Romanowski v Yahr
2004 NY Slip Op 01865 [5 AD3d 985]
March 19, 2004
Appellate Division, Fourth Department
Published by New York State Law Reporting Bureau pursuant to Judiciary Law § 431.
As corrected through Wednesday, May 26, 2004


Sharon Romanowski, Respondent, v Clifford Yahr et al., Appellants.

Appeal from an order of the Supreme Court, Niagara County (Ralph A. Boniello, III, J.), entered February 26, 2003. The order denied defendants' motion for summary judgment dismissing the complaint in a personal injury action.

It is hereby ordered that the order so appealed from be and the same hereby is affirmed with costs.

Memorandum: Plaintiff commenced this action to recover damages for injuries she sustained when she slipped and fell on the front stairs of defendants' mobile home. Supreme Court properly denied defendants' motion for summary judgment dismissing the complaint. Defendants failed to meet their initial burden of demonstrating their entitlement to judgment as a matter of law (see CPLR 3212 [b]; see generally Zuckerman v City of New York, 49 NY2d 557, 562 [1980]). "[D]efendants submitted no evidence to demonstrate that the stairs were free of defects. Instead, defendants submitted the deposition testimony of plaintiff[ ] and claim that the testimony fails to establish a defect" (Feldman v Dombrowsky, 288 AD2d 605, 606 [2001]). "A moving party . . . does not meet its burden by noting gaps in [her] opponent's proof" (Orcutt v American Linen Supply Co., 212 AD2d 979, 980 [1995]). Further, even assuming, arguendo, that defendants met their initial burden on the motion, we conclude that the affidavit of plaintiff's expert is sufficient to raise an issue of fact whether plaintiff's accident resulted from the failure of the stairs to conform to the State Uniform Fire Prevention and Building Code (Building Code) (see former 9 NYCRR 713.1 [b] [4]). Violation of the Building Code constitutes some evidence of negligence (see Elliott v City of New York, 95 NY2d 730, 734-735 [2001]). It is for a jury to decide whether defendants violated the Building Code and, if so, whether that violation proximately caused plaintiff's accident.

All concur except Pigott, Jr., P.J., and Hurlbutt, J., who dissent and vote to reverse in accordance with the following memorandum.

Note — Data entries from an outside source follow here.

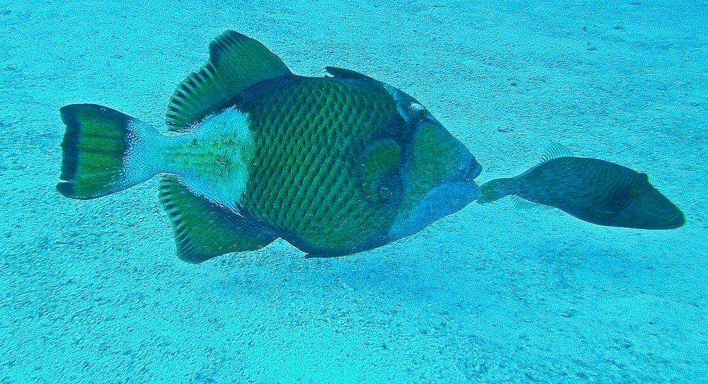 清洁鱼(cleaning fish)吃鼓鼓鱼(puffer fish)腮里的细菌,鼓鼓鱼保护清洁鱼,完美共生。
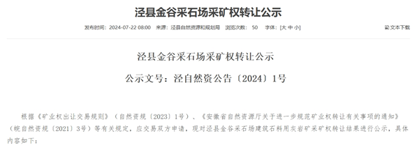 日前,安徽省宣城市涇縣金谷采石場成功轉(zhuǎn)讓,轉(zhuǎn)讓價(jià)格為453.16萬元。當(dāng)?shù)孛駹I企業(yè)安徽金榮礦業(yè)有限公司成為該采石場的“新主人”。截止目前,該采石場還擁有74.萬噸建筑石料用灰?guī)r,經(jīng)計(jì)算,此次轉(zhuǎn)讓資源成本約為6.12元/噸。
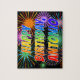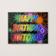 This vibrant, fun, birthday-themed jigsaw puzzle design has the message "HAPPY BIRTHDAY, ANTONIO" having a colorful rainbow spectrum inspired gradient pattern, and a lively bursting celebratory fireworks inspired background pattern. A colorful puzzle like this might be a fun way to send a birthday greeting message to somebody named Antonio. [~Z0000465]
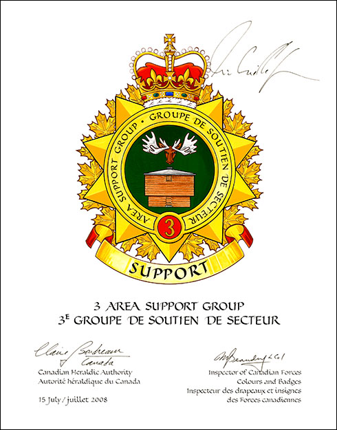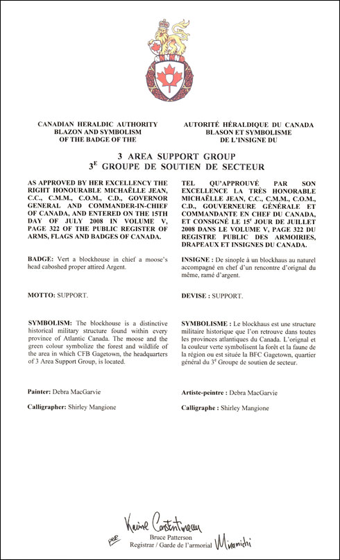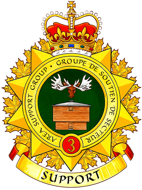 Badge of the 3 Area Support GroupBlazonVert a blockhouse in chief a moose’s head caboshed proper attired Argent; SymbolismThe blockhouse is a distinctive historical military structure found within every province of Atlantic Canada. The moose and the green colour symbolize the forest and wildlife of the area in which CFB Gagetown, the headquarters of 3 Area Support Group, is located. |
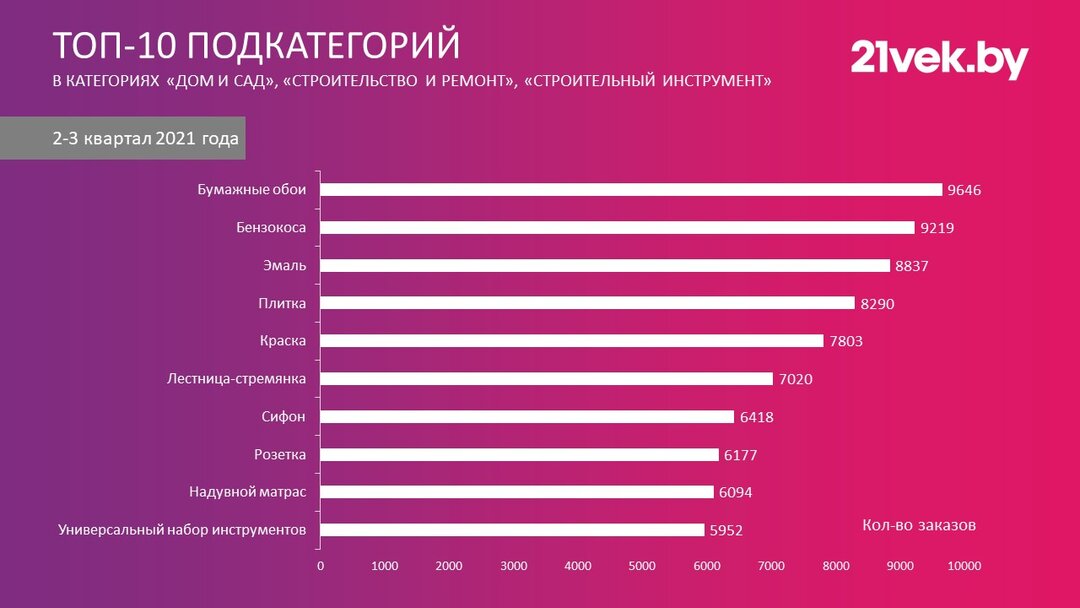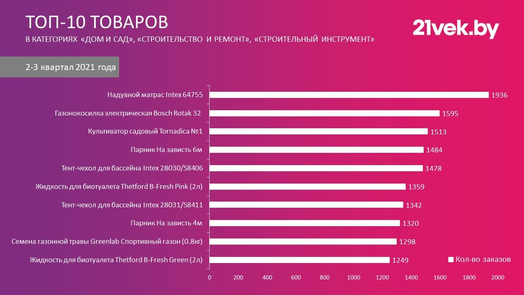 С апреля по сентябрь 2021 года 21vek.by доставил 419 960 заказов в категориях «дом и сад», «строительство и ремонт», а также «строительный инструмент». Это на 62% больше, чем в аналогичный период прошлого года. Самым популярным товаром по количеству заказов за сезон стал надувной матрас Intex 64 755, потеснивший электрическую газонокосилку Bosch Rotak 32, которая удерживала первенство в сезоне 2020.

Pigott, Jr., P.J., and Hurlbutt, J. (dissenting). We respectfully dissent. In support of their summary judgment motion, defendants submitted the deposition testimony of plaintiff that she did not know what caused her to fall; that her foot did not slip; that she did not trip or stub her toe; and that she could not remember whether she "missed a step." Contrary to the conclusion of the majority, that evidence is sufficient to establish defendants' entitlement to summary judgment dismissing the complaint, because it "demonstrat[es] that any determination as to what caused the plaintiff to fall would be based on speculation" (Koller v Leone, 299 AD2d 396, 397 [2002]; see Curran v Esposito, 308 AD2d 428, 429 [2003]; Zimmerman v Yuskevich, 306 AD2d 403 [2003]; see also Novoni v La Parma Corp., 278 AD2d 393 [2000]). Contrary to the further conclusion of the majority, the affidavit of plaintiff's expert does not raise an issue of fact whether the alleged building code violation was a proximate cause of plaintiff's fall. Rather, the expert's assertion that the out-of-level stair treads may have contributed to plaintiff's fall "was not based on admissible evidence in the record, was purely speculative, and was insufficient to raise a triable issue of fact" (Koller, 299 AD2d at 397; see Curran, 308 AD2d at 429; see also Bitterman v Grotyohann, 295 AD2d 383, 384 [2002]; cf. Feldman v Dombrowsky, 288 AD2d 605, 606 [2001]). We would therefore reverse the order, grant defendants' motion and dismiss the complaint. Present—Pigott, Jr., P.J., Green, Hurlbutt, Gorski and Lawton, JJ.